Exercise details
The answer must consist solely of the lines from the opening line of the entries through the line with "El Rodamiento De", transcribed exactly and without any pictures.

Excerpted data
=== Begin Enclosure ===
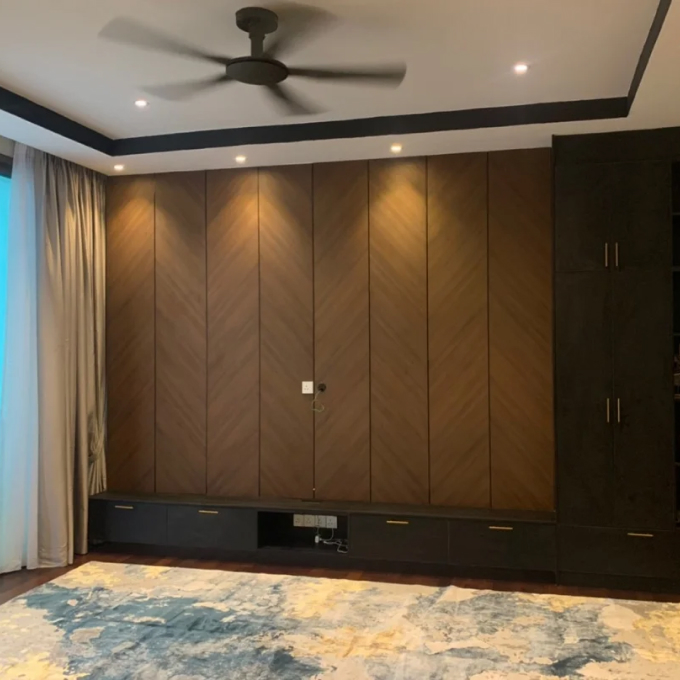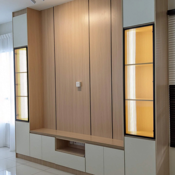 Ya, ramai pelanggan memilih set kabinet TV built-in dengan rak display & kabinet ruang tamu custom supaya lebih praktikal & bergaya.
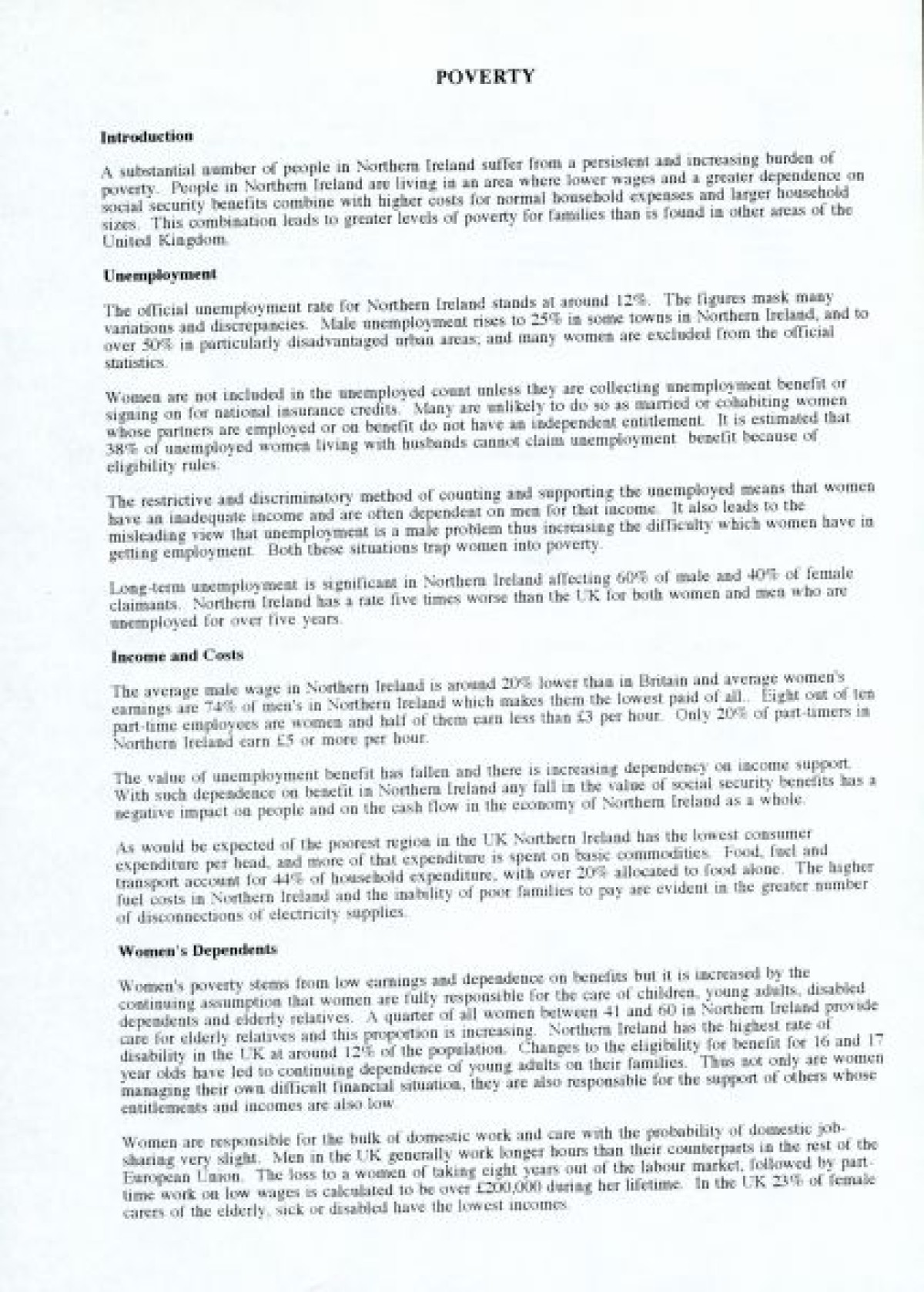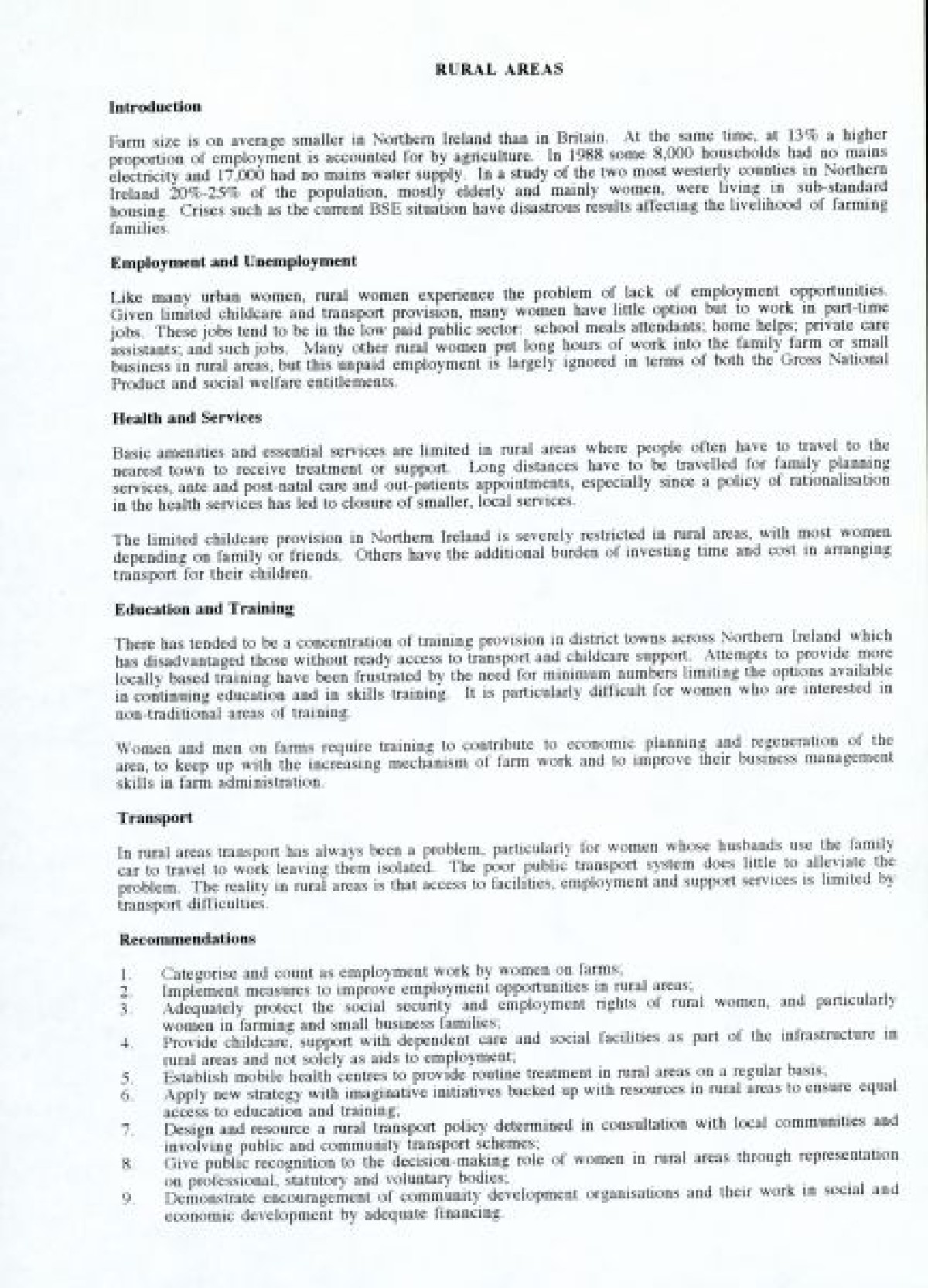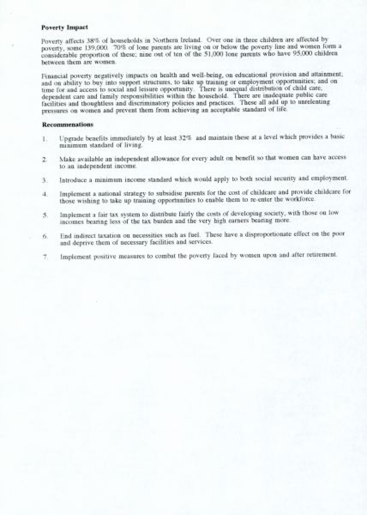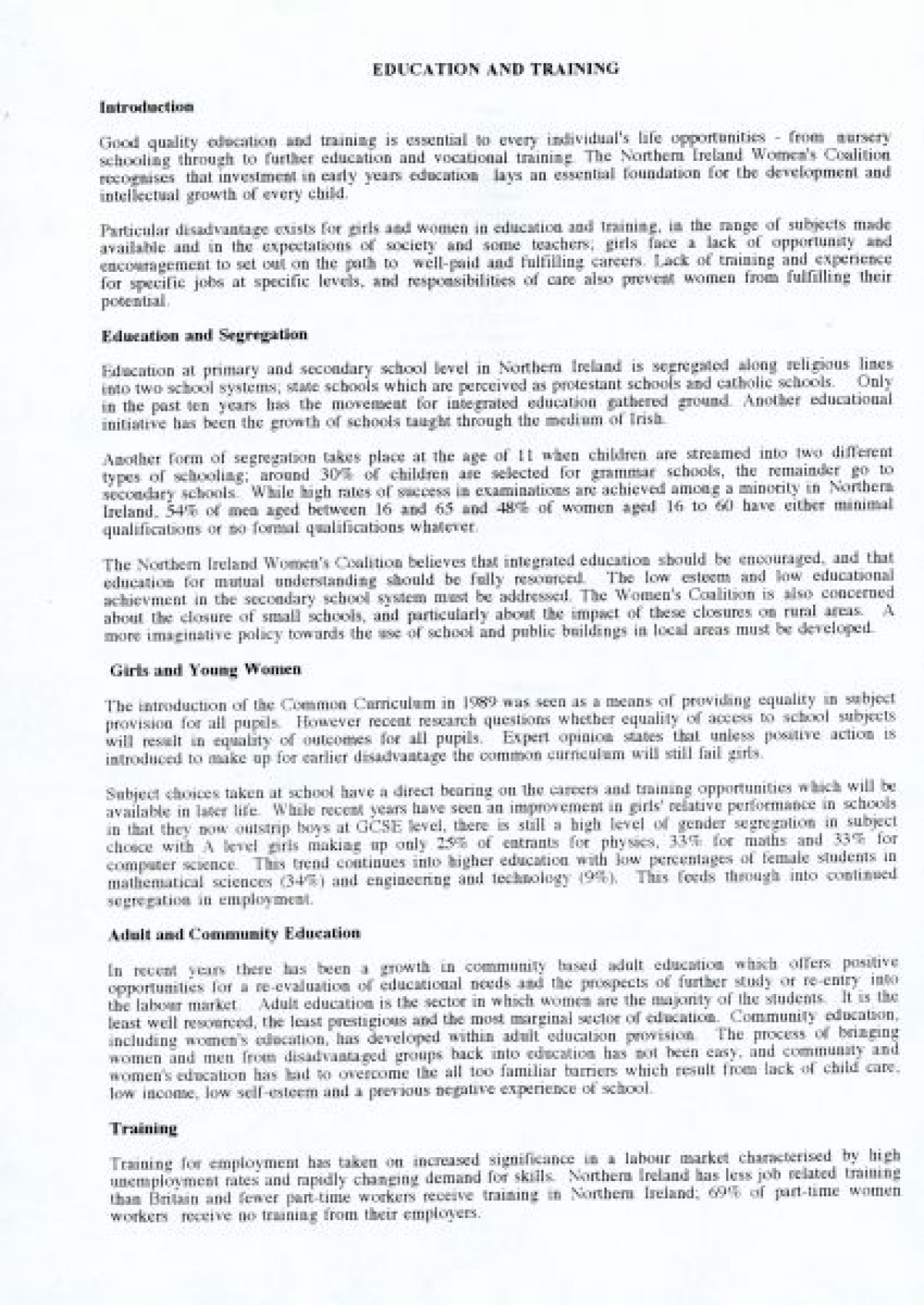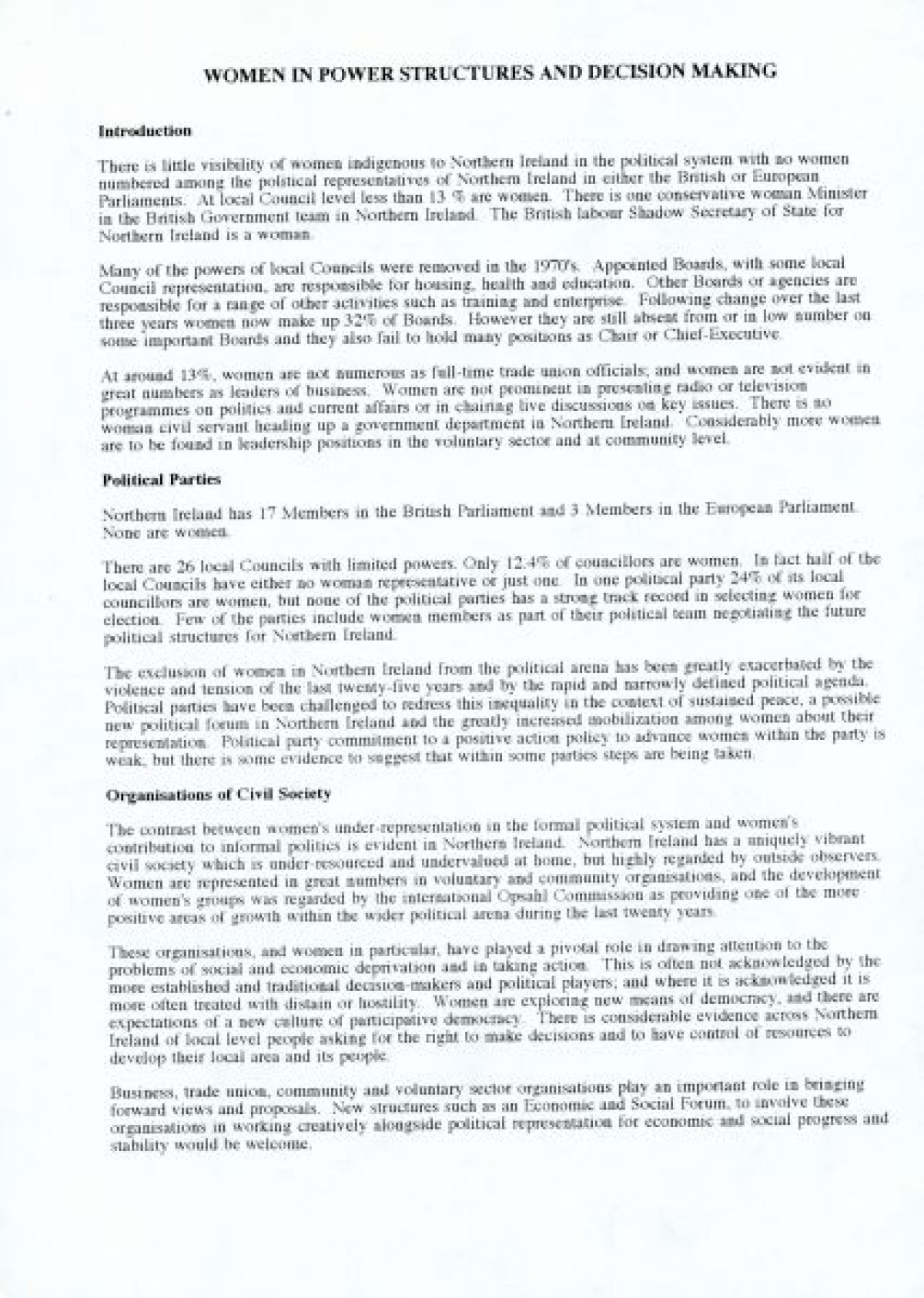 Northern Ireland Women's Coalition. The document tackles the underrepresentation of women in politics and outlines issues affecting women across Northern Ireland including poverty, education, and unequal employment rights. Features a list of recommendations to enable greater equality for women in employment.
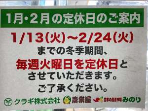 また1月13日〜1月24日までの毎週火曜日を定休日とさせていただきます!!
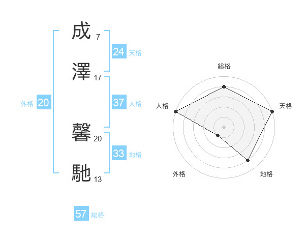 成澤 馨馳さんを姓名の画数から五運を鑑定
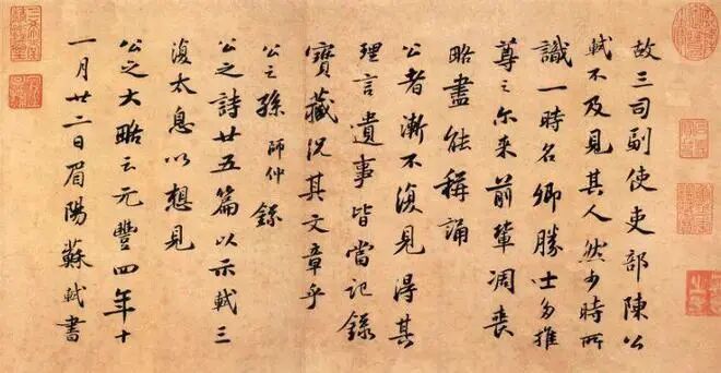 故三司副使吏部陈公,轼不及见其人。然少时所识一时名卿胜士,多推尊之。尔来前辈凋丧略尽,能称诵公者,渐不复见。得其理言遗事,皆当记录宝藏,况其文章乎?公孙师仲,录公之诗廿五篇以示,轼三复太息,以想见公之大略云。元丰四年十一月廿二日,眉阳苏轼书。
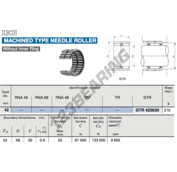 El Rodamiento De Agujas, conocido como GTR425630-IKO IKO, tiene un diámetro interior de 42 mm, un diámetro exterior de 56 mm y un espesor de 30 mm.
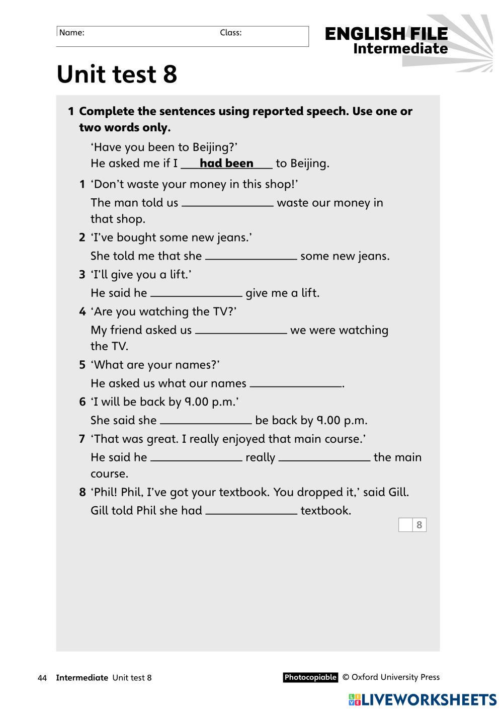 Created byElizaveta English Intermediate Age 13+ level: Intermediate English Author's Instructions My Google Classroom Courses × 0 classes selected (0 students total) Quick Access Select all classes (0 classes) All Classes Loading courses... Cancel Share Share to selected Course __COURSE_NAME__ __STUDENT_NAME__ (__STUDENT_EMAIL__) Test units 7&8 Download Worksheet Validation Check my answers Emails my answers to my teacher Full name Group/level School subject Teacher's email or key code Close Submit Validating worksheet... (12) Your answers have been sent to your teacher. Good luck! OK We encountered an error submitting your answers. Please try again. OK Advertisement | Go Ad Free Created byElizaveta English Intermediate Age 13+ level: Intermediate English Author's Instructions
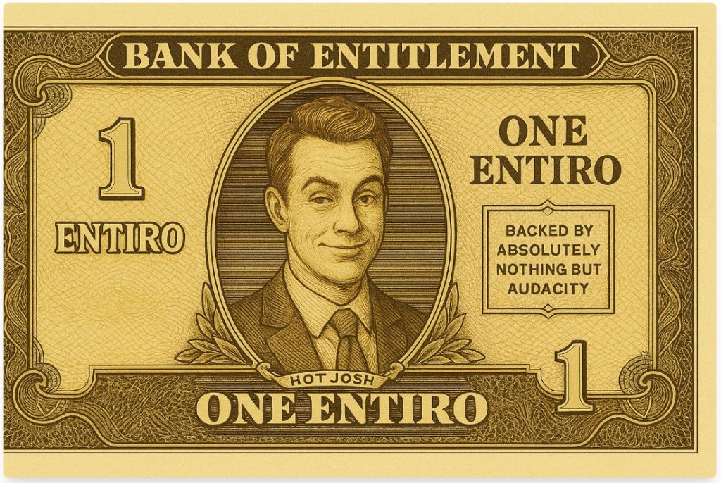 No matter what balance you see in your Bank of Entitlement account, those ENT are purely for laughs. If, by some cosmic glitch, ENT ever became an actual currency, it wouldn’t be our beloved parody ENT—because Hot Josh invented the original, and we were here first.
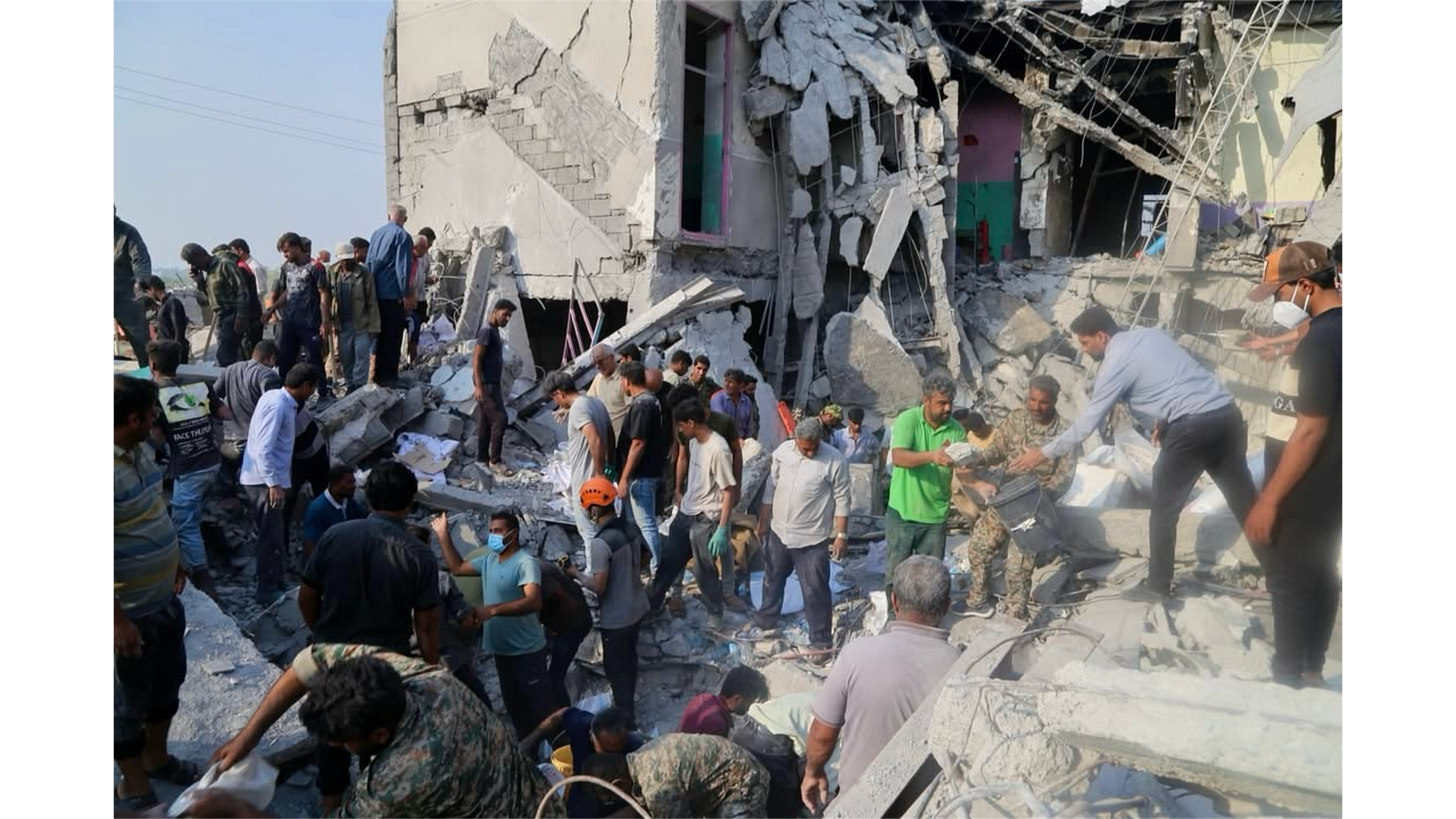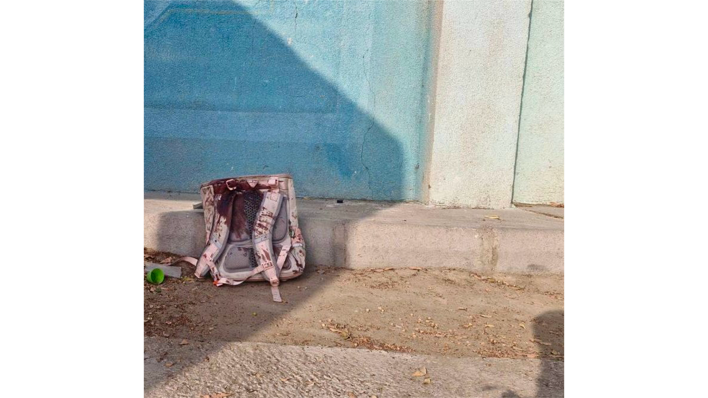 Out of the rubble, rescuers piled up the backpacks of students, many still soaked in blood. A video from the scene shows papers and school supplies lying across the ground, covered in dust and debris. The people helping, doing what little they can, appear shocked, unable to comprehend what they just witnessed.
=== End Enclosure ===
Written solution
 Ya, ramai pelanggan memilih set kabinet TV built-in dengan rak display & kabinet ruang tamu custom supaya lebih praktikal & bergaya.
 Northern Ireland Women's Coalition. The document tackles the underrepresentation of women in politics and outlines issues affecting women across Northern Ireland including poverty, education, and unequal employment rights. Features a list of recommendations to enable greater equality for women in employment.
 また1月13日〜1月24日までの毎週火曜日を定休日とさせていただきます!!
 成澤 馨馳さんを姓名の画数から五運を鑑定
 故三司副使吏部陈公,轼不及见其人。然少时所识一时名卿胜士,多推尊之。尔来前辈凋丧略尽,能称诵公者,渐不复见。得其理言遗事,皆当记录宝藏,况其文章乎?公孙师仲,录公之诗廿五篇以示,轼三复太息,以想见公之大略云。元丰四年十一月廿二日,眉阳苏轼书。
 El Rodamiento De Agujas, conocido como GTR425630-IKO IKO, tiene un diámetro interior de 42 mm, un diámetro exterior de 56 mm y un espesor de 30 mm.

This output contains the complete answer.